O museu encomendou 16 artistas de todo o país para se inspirar nos contos populares judeus. O material de origem pode ser rastreado em grande parte para as histórias selecionadas por Howard Schwartz para sua antologia Folhas do Jardim do Éden: Cem Contos Judaicos Clássicos. Os artistas foram livres para escolher quais personagens, tramas ou temas que eles queriam explorar, bem como seu método de exploração.

Alguns destaques verdadeiros imediatamente impressionam. Elisabeth Higgins O'Connor "culpa / sede" e "lamentação de lullaby" (ambos de 2017) são interpretações monumentais e mistificantes dos mitos golem bem usados. Sua obra de arte é específica do site e criada de acordo com o que o espaço parece precisar e permitir. Apesar de seu tamanho, ("canção de ninar / lamento", por exemplo, é provavelmente quatro pés por sete pés na base e dez pés de altura) o laço e o papel em que eles são de uma vez coroados e vestidos de elevação e dança, adicionando assim uma gravidade que desmentia sua enormidade. Essas idéias são complementadas pela evocação do bezerro dourado em "lullaby / lament" e a lobo na "culpa / sede". Cada um desses golems é criado sob a forma de inimigos subversivos e esmagadores, respectivamente.

As imagens sonhadoras de Inez Storer são outro destaque. O material de origem é amplamente escondido, insinuado ou sugerido em vez de confrontado. Muitas das peças da exposição se sentem como um sermão, como o artista falando no espectador sobre sua história em estudo. O Armazenador, em vez disso, fornece uma estrutura fértil para atrair as pessoas e encaminhar uma conversa com a arte. Onde muitos dos artistas pensam sem rodeios, ela questiona e tem a decência de deixar isso com isso.
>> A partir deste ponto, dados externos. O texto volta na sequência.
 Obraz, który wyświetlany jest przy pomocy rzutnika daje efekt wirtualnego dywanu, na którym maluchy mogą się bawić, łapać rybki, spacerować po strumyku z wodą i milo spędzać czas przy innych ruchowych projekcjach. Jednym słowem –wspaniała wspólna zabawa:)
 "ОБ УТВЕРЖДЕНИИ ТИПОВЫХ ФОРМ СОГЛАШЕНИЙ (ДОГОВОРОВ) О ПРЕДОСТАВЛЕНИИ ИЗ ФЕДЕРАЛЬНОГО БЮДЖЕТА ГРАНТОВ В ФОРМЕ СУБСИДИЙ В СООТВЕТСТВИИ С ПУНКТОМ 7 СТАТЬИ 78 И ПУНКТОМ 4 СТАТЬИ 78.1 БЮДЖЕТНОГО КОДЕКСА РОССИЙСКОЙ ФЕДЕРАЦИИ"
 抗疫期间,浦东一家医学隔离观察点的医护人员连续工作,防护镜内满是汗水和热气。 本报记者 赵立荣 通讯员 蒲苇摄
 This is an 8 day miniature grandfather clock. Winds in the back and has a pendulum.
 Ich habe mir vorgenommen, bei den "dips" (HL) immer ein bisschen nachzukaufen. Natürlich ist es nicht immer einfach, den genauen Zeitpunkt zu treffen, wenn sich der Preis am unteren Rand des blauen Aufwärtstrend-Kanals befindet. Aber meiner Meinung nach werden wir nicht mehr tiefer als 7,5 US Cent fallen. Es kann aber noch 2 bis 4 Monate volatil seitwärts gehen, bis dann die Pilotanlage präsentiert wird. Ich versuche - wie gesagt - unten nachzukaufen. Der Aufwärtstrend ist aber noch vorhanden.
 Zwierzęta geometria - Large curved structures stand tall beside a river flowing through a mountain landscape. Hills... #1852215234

Enquanto O'Connor e Storer exploram seus mistérios escolhidos com um olho que se aprofunda, outros não alcançam esse sucesso. David Kasprzak "The Diminishing, But Never Final, Sounds of the Dying" (2017), por exemplo, é muito literal. A história que ilustra mostra uma princesa presa, mas pode ouvir qualquer conversa no mundo por meio de uma concha. A arte finalidade resultante é composta por uma concha gigante suspensa em um suporte de ferro e contendo um alto-falante que emite uma trilha em loop com tanto o ruído ambiente da concha e as gravações de um fenômeno inexplicável registrado por espectadores em todo o mundo. Enquanto está tão perto do material de origem, Kasprzak também, talvez, renunciou a algum espírito.
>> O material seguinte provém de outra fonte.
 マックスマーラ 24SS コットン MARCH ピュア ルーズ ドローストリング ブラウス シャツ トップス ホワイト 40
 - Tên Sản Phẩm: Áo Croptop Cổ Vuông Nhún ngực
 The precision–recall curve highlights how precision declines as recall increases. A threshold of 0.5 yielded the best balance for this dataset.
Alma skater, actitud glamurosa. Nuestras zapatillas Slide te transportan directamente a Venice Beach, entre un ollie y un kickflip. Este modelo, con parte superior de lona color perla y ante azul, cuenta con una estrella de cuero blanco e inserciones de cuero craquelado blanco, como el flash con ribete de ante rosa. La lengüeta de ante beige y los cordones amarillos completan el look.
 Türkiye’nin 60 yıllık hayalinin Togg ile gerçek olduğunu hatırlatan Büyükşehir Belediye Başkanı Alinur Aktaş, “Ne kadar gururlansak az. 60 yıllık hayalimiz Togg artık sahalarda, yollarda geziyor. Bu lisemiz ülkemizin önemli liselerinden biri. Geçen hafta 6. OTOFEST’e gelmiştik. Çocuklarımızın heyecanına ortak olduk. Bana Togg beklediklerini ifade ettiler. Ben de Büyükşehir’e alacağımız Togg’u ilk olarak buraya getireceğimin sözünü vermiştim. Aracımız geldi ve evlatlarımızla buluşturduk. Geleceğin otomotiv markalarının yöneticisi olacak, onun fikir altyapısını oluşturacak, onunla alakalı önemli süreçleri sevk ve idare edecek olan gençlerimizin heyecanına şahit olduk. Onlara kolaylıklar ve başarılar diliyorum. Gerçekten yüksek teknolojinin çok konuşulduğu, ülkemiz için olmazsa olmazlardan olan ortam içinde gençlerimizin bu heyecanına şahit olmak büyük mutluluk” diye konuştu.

O show como um todo é difícil de quantificar. A arte, coletivamente, parece ser exibida como uma casa de vida. O link de uma obra de arte para outra é fugaz e suas conexões parecem, na pior das hipóteses, tênues. Talvez, no entanto, essas peças individuais com o poder emocional de O'Connor e Storer contenham grandeza suficiente para compensar o resto.

Jewish Folktales Retold: Artista como Maggid continua no Museu Judaico Contemporâneo (736 Mission Street, San Francisco, CA 94103) até 28 de janeiro de 2018.